An iTunes entry contains a bunch of information about a single song: not only its name but also its singer, its length, its genre, and so on.
Your GMail application contains a bunch of information about a single message: its sender, the subject line, the conversation it’s part of, the body, and quite a bit more.

In examples like this, we see the need for structured data: a single datum has structure, i.e., it actually consists of many pieces. The number of pieces is fixed, but may be of different kinds (some might be numbers, some strings, some images, and different types may be mixed together in that one datum). Some might even be other structured data: for instance, a date usually has at least three parts, the day, month, and year. The parts of a structured datum are called its fields.

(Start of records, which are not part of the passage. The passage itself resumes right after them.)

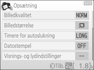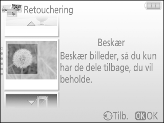 For at opnå adgang til disse menuer skal du markere Tag bill., Vis/slet, Retouchering eller Opsætning og trykke på J.
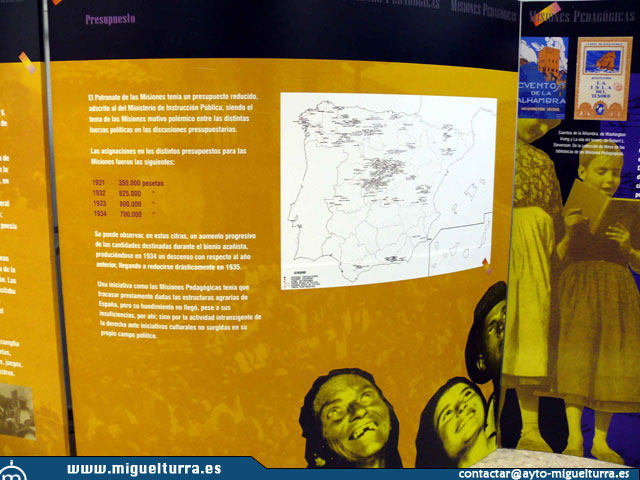 La exposición está basada en diferentes paneles y carteles en donde explica la proclamación de la Segunda República tras la derrota electoral de los partidos monárquicos en las elecciones municipales del 14 de abril de 1931. Según las propias palabras del tríptico de la exposición la Segunda República "significó el comienzo de una etapa intensa, pero desgraciadamente breve, en la mejora del nivel de educación y de acceso a la cultura de la población española. Fue bautizada como "la República de los Intelectuales" o "la República de las Artes y las Letras".
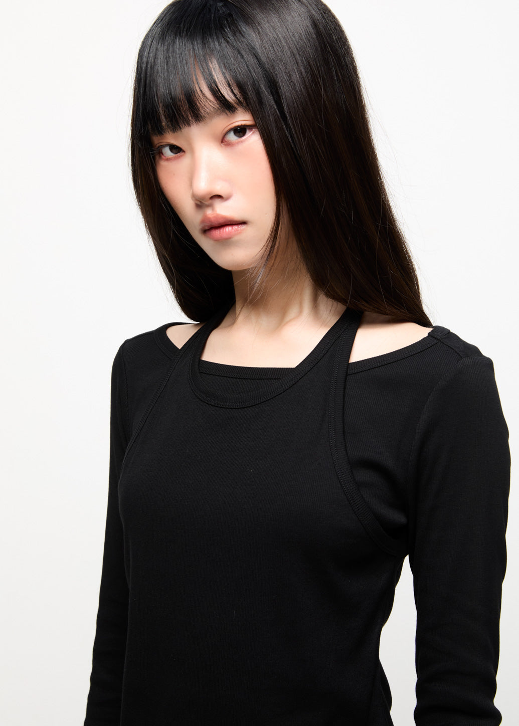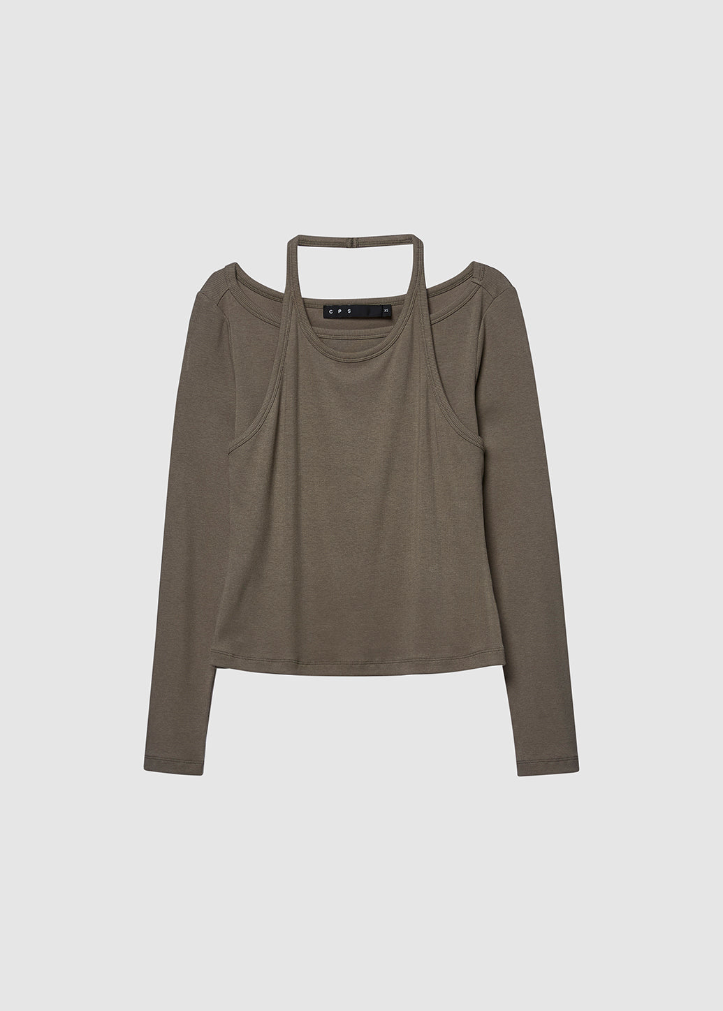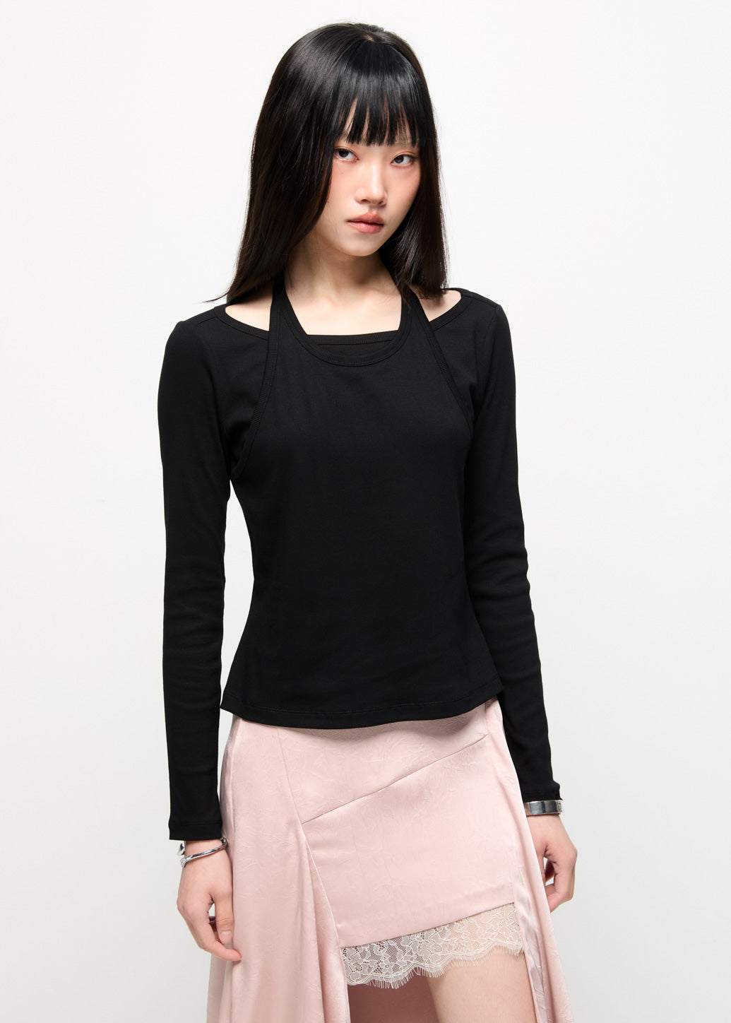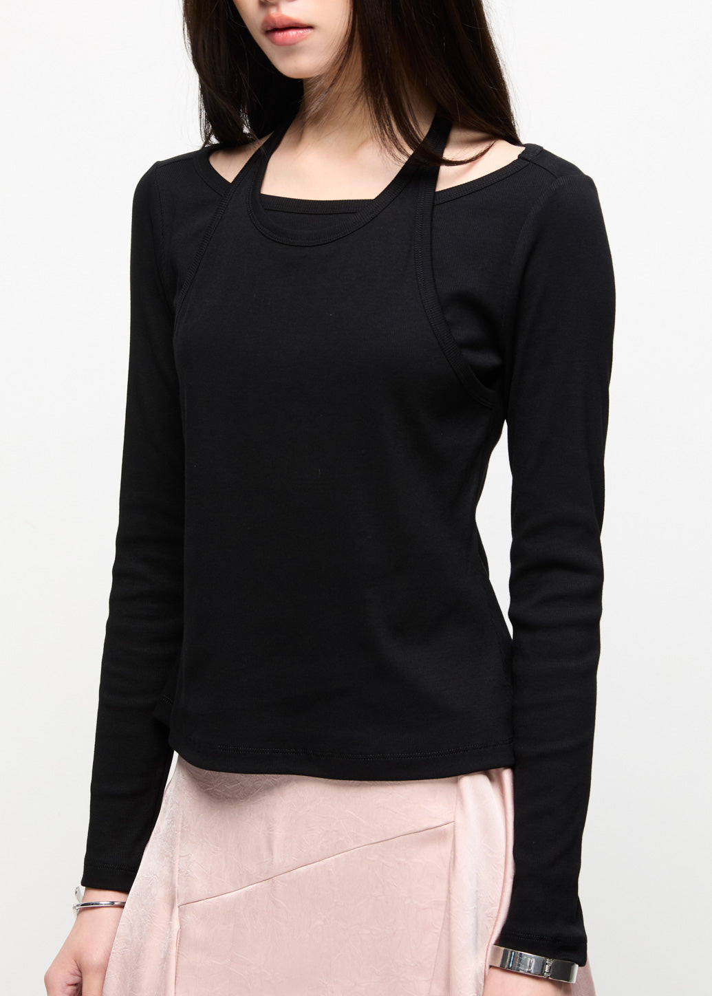 A stylish double-layered long-sleeve top that includes an outer halter tank sewn over an inner long-sleeve shirt. This piece provides a modern fashion look, perfect for achieving a layered aesthetic.

10.1.2 A First Peek at Conditional Data

Then there are times when we want to represent different kinds of data under a single, collective umbrella. Here are a few examples:

A traffic light can be in different states: red, yellow, or green.Yes, in some countries there are different or more colors and color-combinations. Collectively, they represent one thing: a new type called a traffic light state.
A zoo consists of many kinds of animals. Collectively, they represent one thing: a new type called an animal. Some condition determines which particular kind of animal a zookeeper might be dealing with.
A social network consists of different kinds of pages. Some pages represent individual humans, some places, some organizations, some might stand for activities, and so on. Collectively, they represent a new type: a social media page.
A notification application may report many kinds of events. Some are for email messages (which have many fields, as we’ve discussed), some are for reminders (which might have a timestamp and a note), some for instant messages (similar to an email message, but without a subject), some might even be for the arrival of a package by physical mail (with a timestamp, shipper, tracking number, and delivery note). Collectively, these all represent a new type: a notification.

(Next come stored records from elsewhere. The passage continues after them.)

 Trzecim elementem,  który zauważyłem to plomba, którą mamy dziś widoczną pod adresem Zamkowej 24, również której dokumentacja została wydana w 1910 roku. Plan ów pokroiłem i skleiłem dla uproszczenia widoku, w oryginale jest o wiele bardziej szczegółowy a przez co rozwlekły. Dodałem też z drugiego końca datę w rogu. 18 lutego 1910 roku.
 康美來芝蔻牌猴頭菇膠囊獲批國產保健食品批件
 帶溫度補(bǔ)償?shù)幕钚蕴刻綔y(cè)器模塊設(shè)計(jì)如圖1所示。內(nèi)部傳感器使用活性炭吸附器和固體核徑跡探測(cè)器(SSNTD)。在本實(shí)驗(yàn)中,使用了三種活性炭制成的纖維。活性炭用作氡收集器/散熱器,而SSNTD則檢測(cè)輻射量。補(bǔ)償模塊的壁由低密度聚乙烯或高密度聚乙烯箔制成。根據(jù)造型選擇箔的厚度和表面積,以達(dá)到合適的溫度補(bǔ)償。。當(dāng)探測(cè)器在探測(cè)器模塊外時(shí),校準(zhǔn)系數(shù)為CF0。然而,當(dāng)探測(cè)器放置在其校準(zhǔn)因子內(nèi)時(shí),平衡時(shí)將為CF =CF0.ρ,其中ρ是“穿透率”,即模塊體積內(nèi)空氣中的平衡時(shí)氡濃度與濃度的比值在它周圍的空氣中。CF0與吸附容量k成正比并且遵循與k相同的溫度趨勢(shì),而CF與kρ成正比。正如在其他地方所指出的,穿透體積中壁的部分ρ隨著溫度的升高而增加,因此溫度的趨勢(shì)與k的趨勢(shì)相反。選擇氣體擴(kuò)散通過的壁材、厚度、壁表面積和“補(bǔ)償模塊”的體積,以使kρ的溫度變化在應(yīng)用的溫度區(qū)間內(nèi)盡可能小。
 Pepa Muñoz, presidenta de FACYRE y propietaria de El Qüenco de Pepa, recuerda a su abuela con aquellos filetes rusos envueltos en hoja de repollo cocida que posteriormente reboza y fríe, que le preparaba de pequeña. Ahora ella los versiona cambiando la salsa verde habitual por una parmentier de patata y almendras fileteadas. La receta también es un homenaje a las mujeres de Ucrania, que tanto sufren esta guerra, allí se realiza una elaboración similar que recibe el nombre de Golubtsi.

We call these “conditional” data because they represent an “or”: a traffic light is red or green or yellow; a social medium’s page is for a person or location or organization; and so on. Sometimes we care exactly which kind of thing we’re looking at: a driver behaves differently on different colors, and a zookeeper feeds each animal differently. At other times, we might not care: if we’re just counting how many animals are in the zoo, or how many pages are on a social network, or how many unread notifications we have, their details don’t matter. Therefore, there are times when we ignore the conditional and treat the datum as a member of the collective, and other times when we do care about the conditional and do different things depending on the individual datum. We will make all this concrete as we start to write programs.

10.2 Defining and Creating Structured and Conditional Data

We have used the word “data” above, but that’s actually been a bit of a lie. As we said earlier, data are how we represent information in the computer. What we’ve been discussing above is really different kinds of information, not exactly how they are represented. But to write programs, we must wrestle concretely with representations. That’s what we will do now, i.e., actually show data representations of all this information.

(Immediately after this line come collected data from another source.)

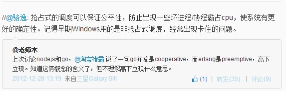 今天在微博上看到erlang调度器的工作细节的文章来源见这里。这篇文章很准确的描述了Erlang调度器是如何工作的,很好的澄清了大家对各种语言调度器的误解。 本来我前段时间想自己写,看来没必要了,就顺手贴出来给大家。
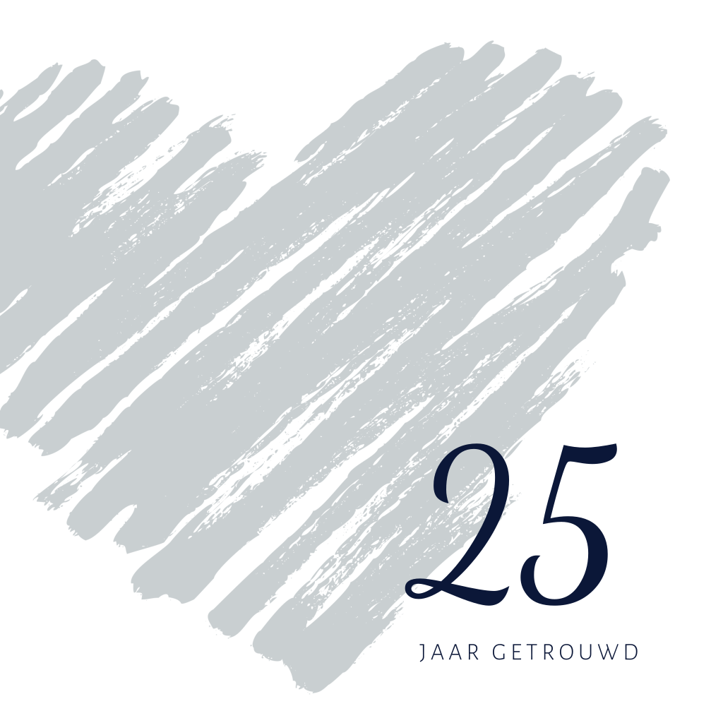 Mooie jubileumkaart voor 25 jaar getrouwd, een zilveren bruidspaar. Het grote zilvergrijze hart geeft de kaart een chique uitstraling. Deze kaart is tijdloos en het aantal huwelijksjaren is gemakkelijk aan te passen. Het gekraste grijs zilveren hart is een echte sierlijk chique combinatie.
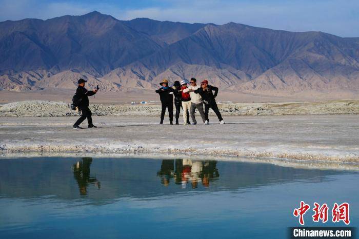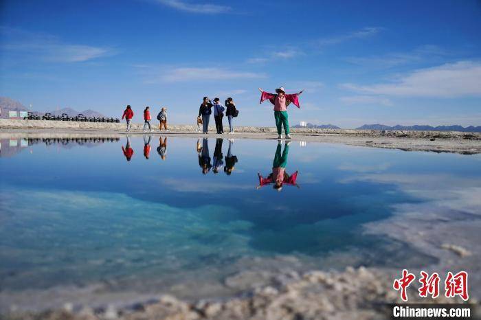 图为游客在大柴旦翡翠湖拍照留念。 马铭言 摄

10.2.1 Defining and Creating Structured Data

Let’s start with defining structured data, such as an iTunes song record. Here’s a simplified version of the information such an app might store:

The song’s name, which is a String.
The song’s singer, which is also a String.
The song’s year, which is a Number.

Let’s now introduce the syntax by which we can teach this to Pyret:

data ITunesSong: song(name, singer, year) end

This tells Pyret to introduce a new type of data, in this case called ITunesSongWe follow a convention that types always begin with a capital letter.. The way we actually make one of these data is by calling song with three parameters; for instance:It’s worth noting that music managers that are capable of making distinctions between, say, Dance, Electronica, and Electronic/Dance, classify two of these three songs by a single genre: “World”.

<structured-examples> ::=

song("La Vie en Rose", "Édith Piaf", 1945)

song("Stressed Out", "twenty one pilots", 2015)

song("Waqt Ne Kiya Kya Haseen Sitam", "Geeta Dutt", 1959)

Always follow a data definition with a few concrete instances of the data! This makes sure you actually do know how to make data of that form. Indeed, it’s not essential but a good habit to give names to the data we’ve defined, so that we can use them later:

lver = song("La Vie en Rose", "Édith Piaf", 1945)
so = song("Stressed Out", "twenty one pilots", 2015)
wnkkhs = song("Waqt Ne Kiya Kya Haseen Sitam", "Geeta Dutt", 1959)

10.2.2 Annotations for Structured Data

Recall that in [Type Annotations] we discussed annotating our functions. Well, we can annotate our data, too! In particular, we can annotate both the definition of data and their creation. For the former, consider this data definition, which makes the annotation information we’d recorded informally in text a formal part of the program:

data ITunesSong: song(name :: String, singer :: String, year :: Number) end

Similarly, we can annotate the variables bound to examples of the data. But what should we write here?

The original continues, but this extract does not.